How to revise your layout in 7 steps
As important as layouts are to companies, few managers take a flow-first approach to its design. There are the seven most important steps on the road to efficiency.
1. Analyze the current state with a “Spaghetti” map
As with any other transformation, the first step is to evaluate the current state. With layout changes, few tools are as effective and visual as the Spaghetti diagram.
This diagram represents each movement from a single operator to perform a task. It is simple enough to construct through just simple observation over a small period. The result shows the meters traveled, and the time spent to perform the task.

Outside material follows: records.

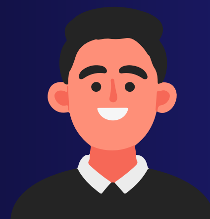
Position Vacant Volunteer Coordinator Italy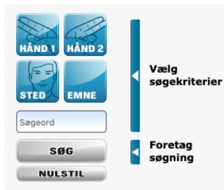
Figure 1: Traditional search functionality as seen in the online Danish Sign Language dictionary (Center for Tegnsprog, 2008).

The paper is structured as follows: in Section 2 we give an overview of methods that utilize Dynamic Time Warping in the gestural and sign language domain. In Section 3 we describe our methodology regarding the extraction of the body joint coordinates as well as the experimental setup, analysis, and visualization tool. In Section 4 we present the results of our experiments. We discuss them in Section 5 and conclude and motivate future research in Section 6.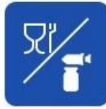
Food and drug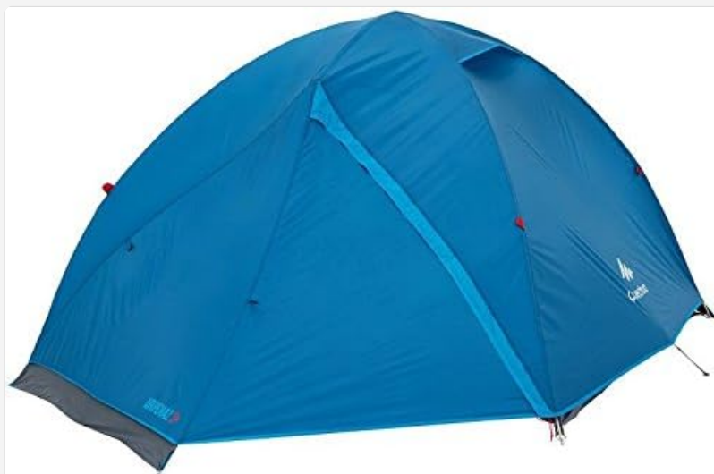
Image: The ARPENAZ 3+ tent with its main poles assembled, forming the basic dome shape. The front entrance is visible.

Connect the aluminum pole sections. The ARPENAZ 3+ typically uses a dome design with intersecting poles. Insert the poles into the sleeves or clips on the tent body. For this model, the poles are designed to create a stable dome structure.

This same exercise can be repeated at any level of detail–from the movements of trucks between cities, forklifts inside the factory, operators between workstations or micro displacements of a single person inside a warehouse aisle. Having calculated the distance traveled, it is possible to set a reduction target for the future layout.
2. Top-Down Approach
The layout of any space must be planned with a top-down approach–from most macro to micro.
- The macro view should focus on the position of the major blocks or areas (reception, dispatch, etc.) and the relationship between them;
- The micro view goes to the detail of the layout of each workstation and the location of equipment and worktables.
This approach reduces the complexity of designing a layout. In this way, planning is simpler at first, and can involve a wider team. Once the larger blocks are set, the team can move on to a more detailed design with the overall view of the layout “puzzle” already defined.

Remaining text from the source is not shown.